WHAT THE TASK REQUIRES: Your answer must hold only the lines below from the line containing "その後は、一人ずつ問題に挑戦" through the line containing "Black Corded Mink", each reproduced exactly.

DATA FOR THE TASK:
····················

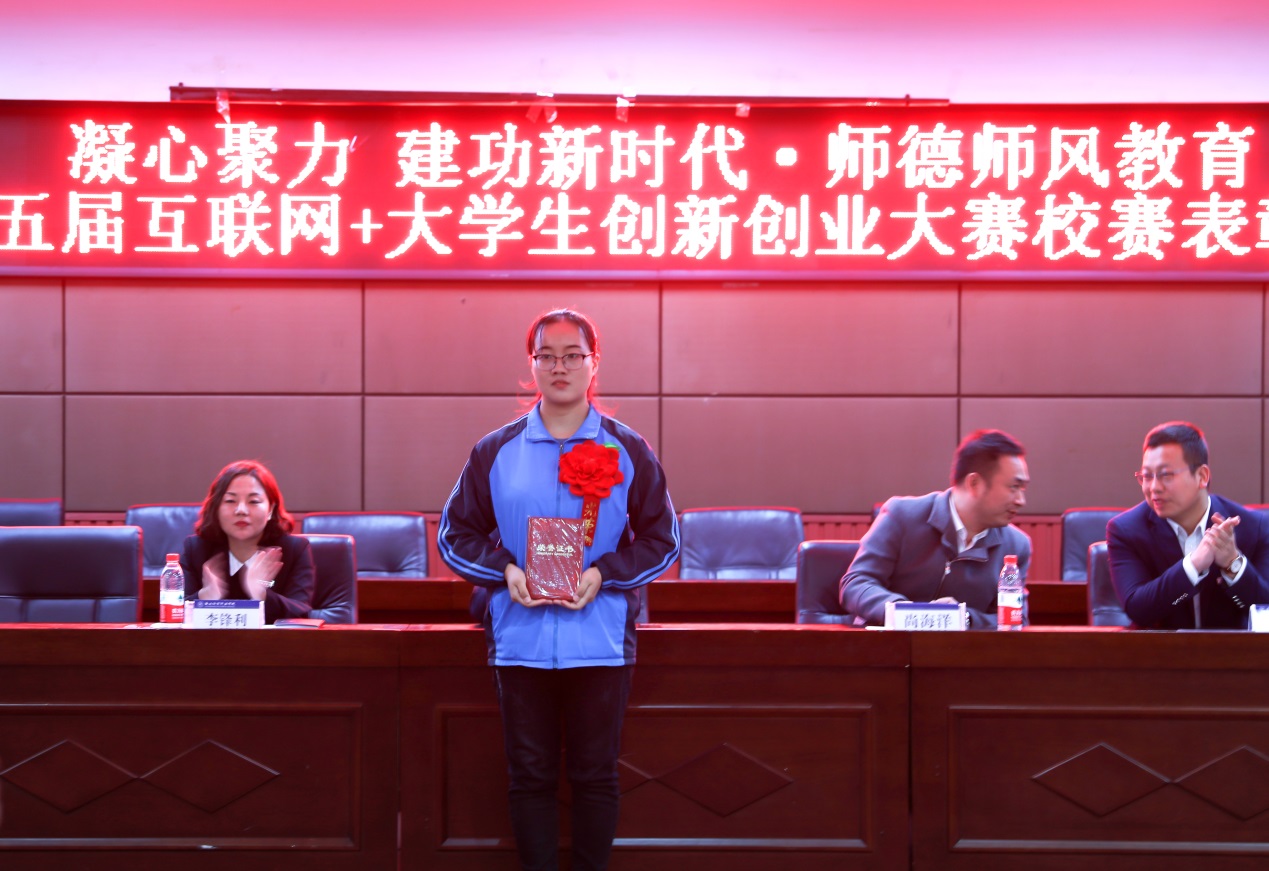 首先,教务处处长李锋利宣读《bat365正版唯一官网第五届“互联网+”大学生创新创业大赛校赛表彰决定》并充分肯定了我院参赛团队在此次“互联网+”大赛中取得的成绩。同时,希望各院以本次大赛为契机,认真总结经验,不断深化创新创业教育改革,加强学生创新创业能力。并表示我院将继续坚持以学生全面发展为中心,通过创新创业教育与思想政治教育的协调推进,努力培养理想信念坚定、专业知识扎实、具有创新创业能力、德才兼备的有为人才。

····················

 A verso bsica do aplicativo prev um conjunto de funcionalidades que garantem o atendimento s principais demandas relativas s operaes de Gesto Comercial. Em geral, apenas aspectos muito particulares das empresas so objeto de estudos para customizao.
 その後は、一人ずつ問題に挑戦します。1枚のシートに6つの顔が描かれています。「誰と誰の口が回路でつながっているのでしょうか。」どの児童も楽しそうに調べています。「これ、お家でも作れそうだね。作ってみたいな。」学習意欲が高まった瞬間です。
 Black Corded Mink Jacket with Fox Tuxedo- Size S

····················

RESULT FOR THIS EXERCISE:
 その後は、一人ずつ問題に挑戦します。1枚のシートに6つの顔が描かれています。「誰と誰の口が回路でつながっているのでしょうか。」どの児童も楽しそうに調べています。「これ、お家でも作れそうだね。作ってみたいな。」学習意欲が高まった瞬間です。
 Black Corded Mink Jacket with Fox Tuxedo- Size S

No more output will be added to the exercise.